Si por autonomía de la realidad se quiere decir que las cosas creadas y la sociedad misma gozan de propias leyes y valores, que el hombre ha de descubrir, emplear y ordenar poco a poco, es absolutamente legítima esta exigencia de autonomía. No es sólo que la reclamen imperiosamente los hombres de nuestro tiempo. Es que además responde a la voluntad del Creador. (…). Por ello, la investigación metódica en todos los campos del saber, si está realizada de una forma auténticamente científica y conforme a las normas morales, nunca será en realidad contraria a la fe, porque las realidades profanas y las de la fe tienen su origen en un mismo Dios. (…) Pero si autonomía de lo temporal quiere decir que la realidad creada es independiente de Dios y que los hombres pueden usarla sin referencia al Creador, no hay creyente alguno a quien se le oculte la falsedad envuelta en tales palabras. La criatura sin el Creador desaparece. (Gaudium et Spes 36)

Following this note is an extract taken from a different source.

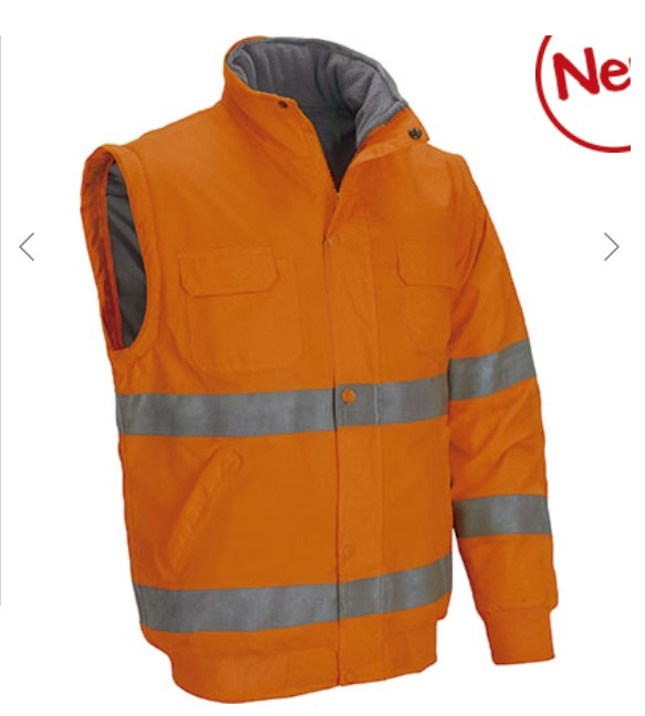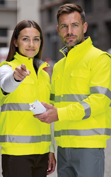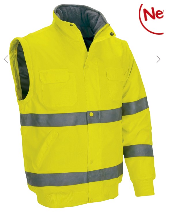 Casaco desmontável de Alta Visibilidade, certificado como EPI de Categoria II segundo as normas EN ISO 13688 e EN ISO 20471, classe 2.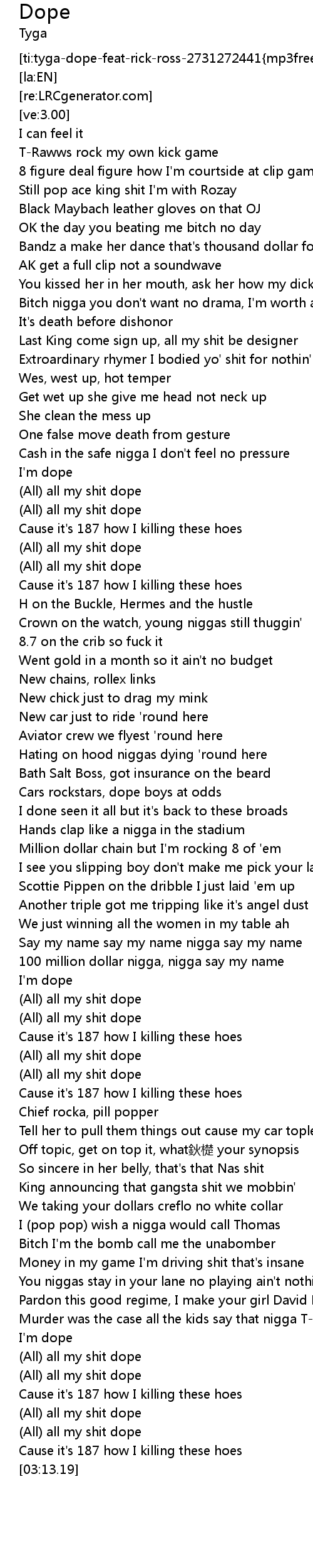 | [00:52.34] | All all my shit dope |

Efectivamente, la Dignitatis Humanae no debería leerse al margen de la Gaudium et Spes que le da sentido. Y es que a esta defensa de la libertad religiosa como derecho individual y al deber del Estado de no promover sus propios intereses, se añade el correlativo deber del Estado de promover los medios necesarios para su desarrollo, que no es otro que favorecer la educación religiosa:

Cada familia, en cuanto sociedad que goza de un derecho propio y primordial, tiene derecho a ordenar libremente su vida religiosa doméstica bajo la dirección de los padres. A éstos corresponde el derecho de determinar la forma de educación religiosa que se ha de dar a sus hijos, según sus propias convicciones religiosas. Así, pues, la autoridad civil debe reconocer el derecho de los padres a elegir con verdadera libertad las escuelas u otros medios de educación, sin imponerles ni directa ni indirectamente gravámenes injustos por esta libertad de elección.
Se violan, además, los derechos de los padres, si se obliga a los hijos a asistir a lecciones escolares que no corresponden a la persuasión religiosa de los padres, o si se impone un único sistema de educación del que se excluye totalmente la formación religiosa. (Dignitatis Humanae 5).

A la luz de este párrafo queda más claro, por tanto, el sentido de las medidas necesarias a las que remite el artículo II, 3 citado anteriormente de la Ley de Libertad Religiosa española que acepta la tesis de la Constitución conciliar que afirma que:


“este derecho de los padres lleva consigo la creación, en los centros estatales de un auténtico espacio (académico) en los cuales aquellos alumnos, cuyos padres así lo pidan, puedan recibir una adecuada formación religiosa encuadrada dentro del plan general de formación” (Gaudium et Spes 38). Toda merma de este derecho, según la Iglesia, es una obstrucción al ejercicio de un derecho fundamental de la persona.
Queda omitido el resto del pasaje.